I almost hit a dolphin

I almost hit a dolphin today. I was surfing, and an outside set of big waves was rolling in. I was too far inside, too close to the shore. The two guys to my left, safely to the left and behind the waves, were gesturing vaguely at the dark water in front of me. I looked, and saw the silhouette of a dolphin against the gold sky, cruising over the crest of a wave in their direction. I’ve seen them do this before, swimming down or across the faces of the biggest sets waves. Usually if there’s one, there’s a bunch of them, and today was no exception. Another one (not the one I almost hit) surfaced just behind the first, and a little closer to me. It was about fifteen yards ahead of me. I’ve been this close to a dolphin in the ocean before; that time it had even jumped, lifting out of the water in a magically effortless arc.

Closer, further to the right, and directly in front of me, I spotted dolphin number three. It was surging down the face of the wave, pointed directly at me (this is not the one I almost hit, either). Being at the business end of an iron-gray, torpedo-shaped mammal with a sharp dorsal fin was entirely different that watching the same mammal jump out of the water. I felt very little magic in that moment, and very much of something that didn’t quite have time to be fear. But it was still ten yards away, and I had to keep paddling so I didn’t get whumped by the wave. So I kept paddling and played chicken with the dolphin. In another stroke, the dolphin was gone. The wave was almost above me now, and I started to dive under it.

I’d gotten the front of my board pointed in the correct direction – down, and directly into the wave – when another dolphin appeared in front of me. Its nose broke water immediately to my right. My right hand was on the nose of my board; if I had reached it a foot, maybe a foot and a half out and to the right, it would have been on the nose of the dolphin.
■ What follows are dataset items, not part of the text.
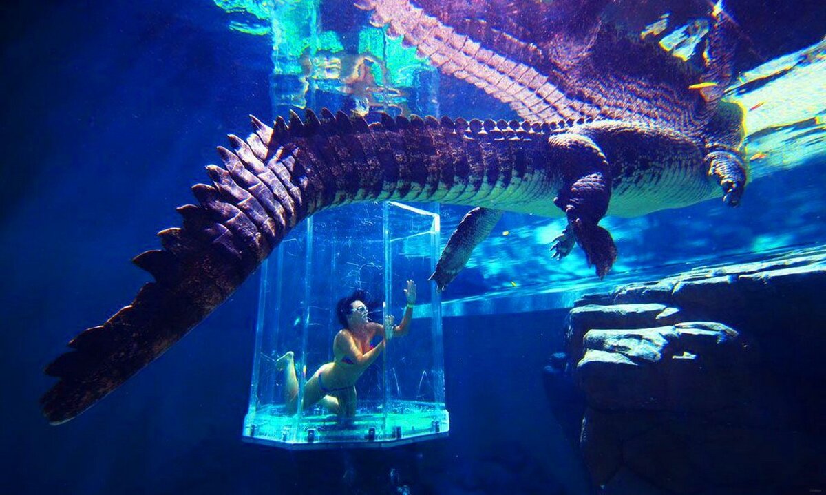 Еще совсем недавно человека можно было запугать стаями акул и ужасающими взглядами крокодилов. Но время немного изменилось. Теперь каждый хочет почувствовать долю адреналина, прибегая к всевозможным способам. Именно поэтому местные власти города Дарвин решили озадачить туристов, разнообразить их пассивный отдых.абы привлечь отдыхающих, в парк аттракционов были завезено несколько крокодилов. Для них создали специальные условия жизни. Бассейн, в котором они плавают, надежно защищен от любопытных посетителей. Толщина стеклянного корпуса составляет 15 см. Но самое интересное начинается тогда, когда желающие спускаются в стеклянной колбе в бассейн. Крокодилы начинают активно рассматривать свою жертву. А человек в это время может свободно наблюдать за всеми действиями животного. Этот аттракцион был прозван Бухта крокозавра. И не каждый смельчак пожелает познакомиться поближе с крокодилами. Даже организаторы подобного мероприятия считают этот эксперимент не очень удачливым для психики. У них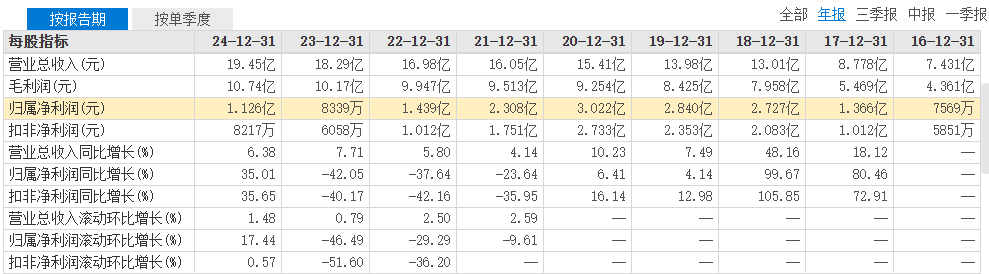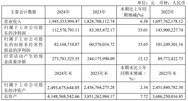2024年,公司实现营业收入19.45亿元,同比增长6.38%;归属于上市公司股东的净利润1.13亿元,同比增长35.01%;归属于上市公司股东的扣非净利润8216.87万元,同比增长35.65%;经营活动产生的现金流量净额为2.74亿元。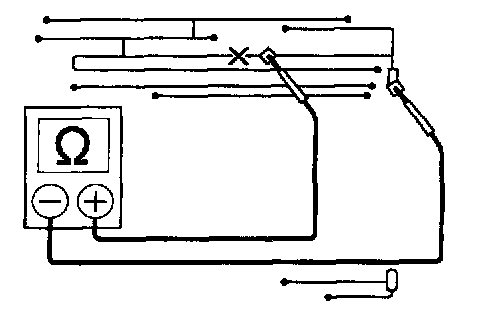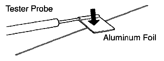 NOTE: In order not to damage the glass printed antenna, wrap up the tip of the tester stick with aluminum foil as shown in the illustration and check by holding the aluminum foil with a finger.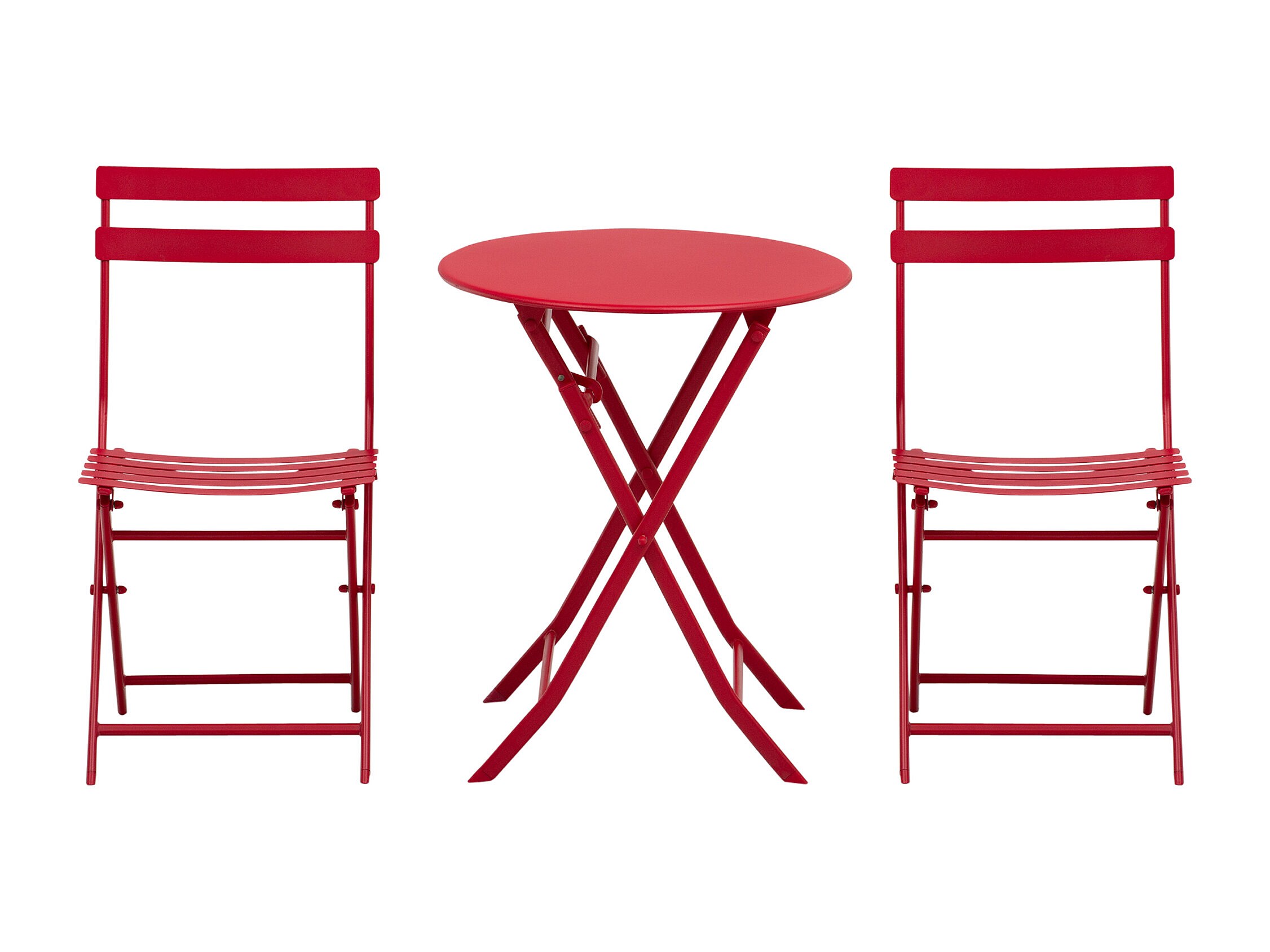 Salon de jardin bistro pliable - table ronde Ø 60 cm avec 2 chaises pliantes - métal thermolaqué rouge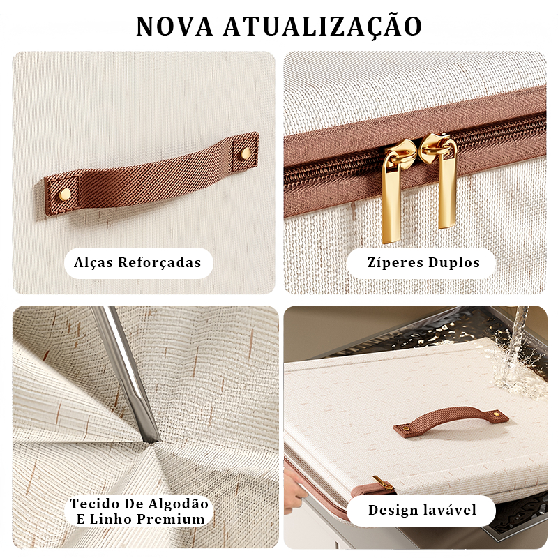 Caixa de armazenamento de algodão de roupas grande cremalheira tecido cesta dobrável quarto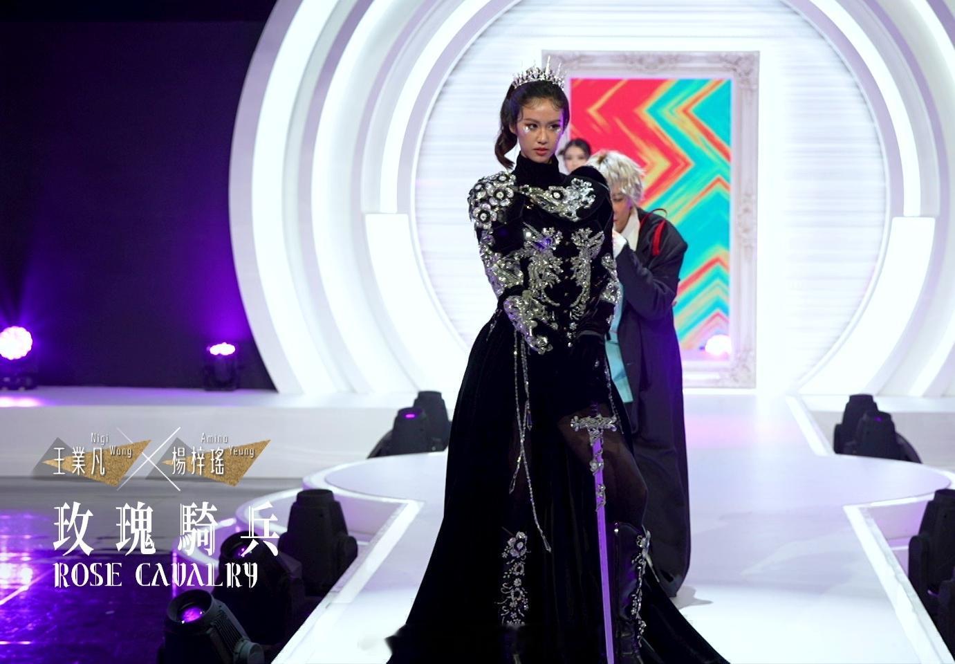 王业凡Nigi为打造"女骑士Amina",结合玫瑰花concept,用大量珍珠、钻石缝在黑色麂皮上;再加上Amina的霸气演绎,绝对天衣无缝。全场唯一男模特儿何广沛的设计师林华源Kay,则采用了数码印花定位技术、错位效果,配以手绘皮鞋及手袋,为广沛设计新造型,而且Kay更以神来之笔,为自己打造一套与广沛相衬的战衣,实行以"情侣装"上阵,话题度十足。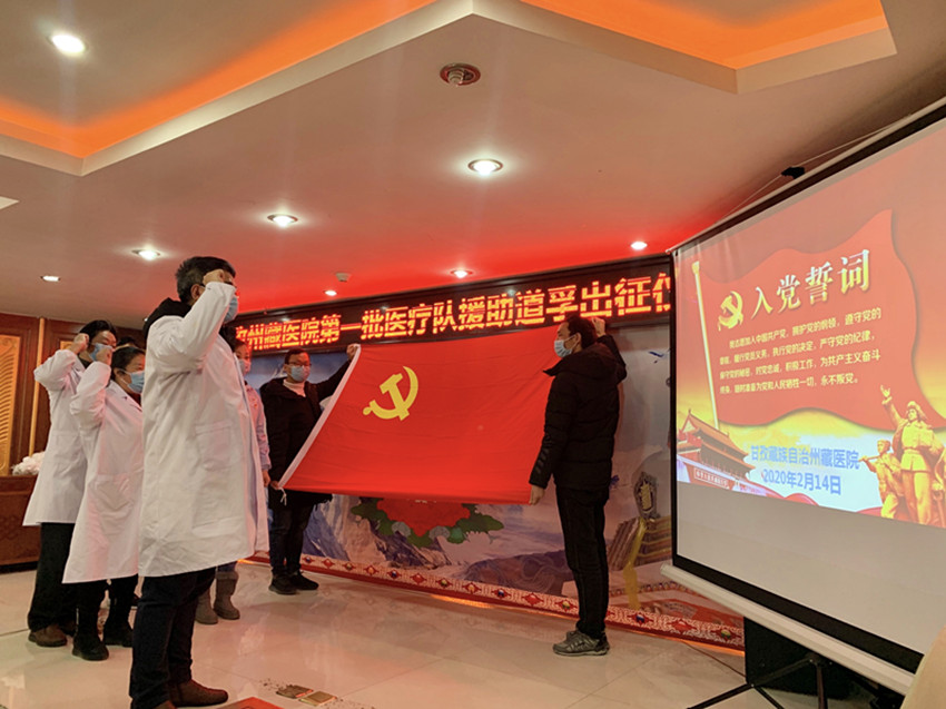 事實證明,州藏醫(yī)院的擔(dān)心和提前準(zhǔn)備完全是必要的。2020年2月,道孚縣爆發(fā)疫情,全縣進(jìn)入管控狀態(tài)??粗约旱募亦l(xiāng)發(fā)生疫情,州藏醫(yī)院的醫(yī)護人員心急如焚。盡管對這未知的病毒心中沒底,但沒人退縮,全院上下皆積極請戰(zhàn)。在醫(yī)院黨委再次申請下,州抗疫指揮部研究同意了藏醫(yī)院參與抗疫工作,2月14日,在時任副院長、主任藏醫(yī)師江吉村的帶領(lǐng)下,藏醫(yī)診療隊奔赴道孚。這是新中國成立以來,藏醫(yī)首次參加的大型抗疫阻擊戰(zhàn)。

It slid past me, right to left. I looked at its mouth, its eye, its blowhole, its dorsal fin. The uniform gray of its skin. The side closest to me was dark in the shadow of the wave. The line of its mouth was just that – a line. Its eye was sunk deeply into its head; it looked like a little black pin pushed into a pillow. The only part of its eye visible was a small, black, emotionless dot. Its blowhole was still. The whole thing, this dolphin, dipped the top of its body briefly into the air that we both breathe, and then was gone.

In the next moment, the wave was crashing around me because I hadn’t dove under it. I came up with more seaweed in my mouth, and had to paddle to get over the next wave. I had enough time to glance to my left. I thought I saw a gray shape for a moment, but the water was dark and I couldn’t be sure. I don’t even know if it had looked at me.